## TASK TO CARRY OUT
Under this line are the records; repeat exactly the lines starting at the one containing "Журнал осмотра путей, стрелочных" and ending at the one containing "Madu Klanceng Bambu", omitting pictures.

## EXTRACTED MATERIAL
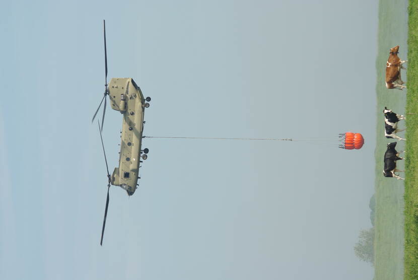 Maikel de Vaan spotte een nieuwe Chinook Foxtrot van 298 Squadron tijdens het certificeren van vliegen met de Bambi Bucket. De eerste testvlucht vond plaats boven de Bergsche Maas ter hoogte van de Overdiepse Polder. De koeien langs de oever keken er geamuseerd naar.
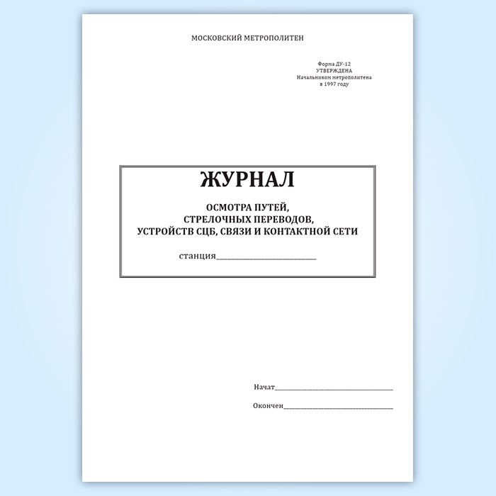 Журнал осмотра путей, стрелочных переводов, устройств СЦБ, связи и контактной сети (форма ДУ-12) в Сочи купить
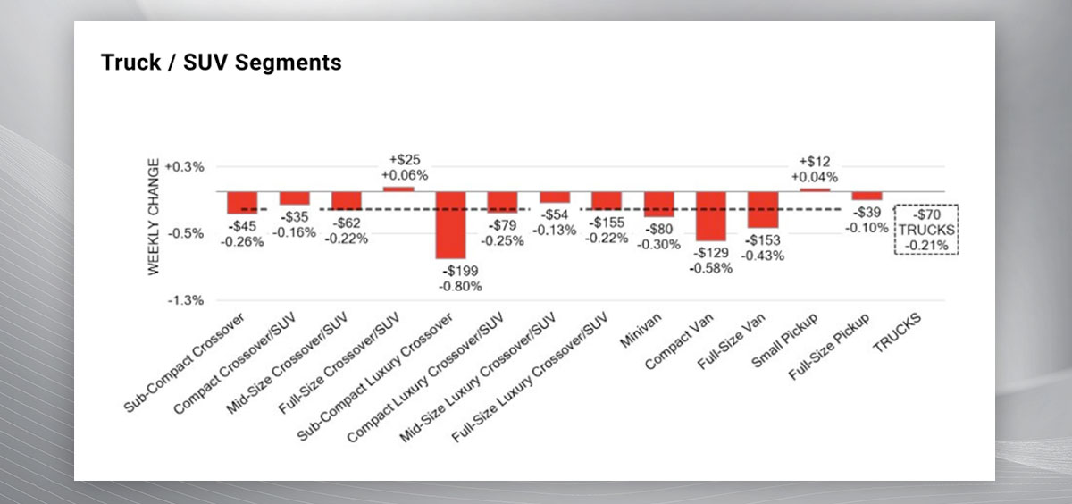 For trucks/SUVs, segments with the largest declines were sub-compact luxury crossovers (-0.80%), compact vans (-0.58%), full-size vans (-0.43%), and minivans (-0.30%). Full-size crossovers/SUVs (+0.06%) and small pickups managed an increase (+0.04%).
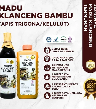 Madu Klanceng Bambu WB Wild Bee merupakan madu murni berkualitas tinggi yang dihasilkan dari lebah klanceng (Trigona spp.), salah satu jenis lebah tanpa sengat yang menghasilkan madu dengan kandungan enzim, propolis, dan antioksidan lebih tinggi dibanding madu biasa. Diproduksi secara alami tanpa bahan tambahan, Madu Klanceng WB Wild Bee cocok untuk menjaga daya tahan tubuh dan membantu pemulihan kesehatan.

==

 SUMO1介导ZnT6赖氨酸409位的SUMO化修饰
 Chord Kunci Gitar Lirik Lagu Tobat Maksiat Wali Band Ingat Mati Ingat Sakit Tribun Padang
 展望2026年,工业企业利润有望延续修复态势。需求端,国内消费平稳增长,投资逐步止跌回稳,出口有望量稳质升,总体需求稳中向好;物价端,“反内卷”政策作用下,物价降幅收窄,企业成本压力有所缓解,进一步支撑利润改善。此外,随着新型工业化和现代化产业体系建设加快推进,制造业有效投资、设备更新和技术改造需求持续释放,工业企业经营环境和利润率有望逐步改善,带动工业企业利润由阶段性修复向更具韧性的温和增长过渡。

## SOLUTION FOR THIS TASK
 Журнал осмотра путей, стрелочных переводов, устройств СЦБ, связи и контактной сети (форма ДУ-12) в Сочи купить
 For trucks/SUVs, segments with the largest declines were sub-compact luxury crossovers (-0.80%), compact vans (-0.58%), full-size vans (-0.43%), and minivans (-0.30%). Full-size crossovers/SUVs (+0.06%) and small pickups managed an increase (+0.04%).
 Madu Klanceng Bambu WB Wild Bee merupakan madu murni berkualitas tinggi yang dihasilkan dari lebah klanceng (Trigona spp.), salah satu jenis lebah tanpa sengat yang menghasilkan madu dengan kandungan enzim, propolis, dan antioksidan lebih tinggi dibanding madu biasa. Diproduksi secara alami tanpa bahan tambahan, Madu Klanceng WB Wild Bee cocok untuk menjaga daya tahan tubuh dan membantu pemulihan kesehatan.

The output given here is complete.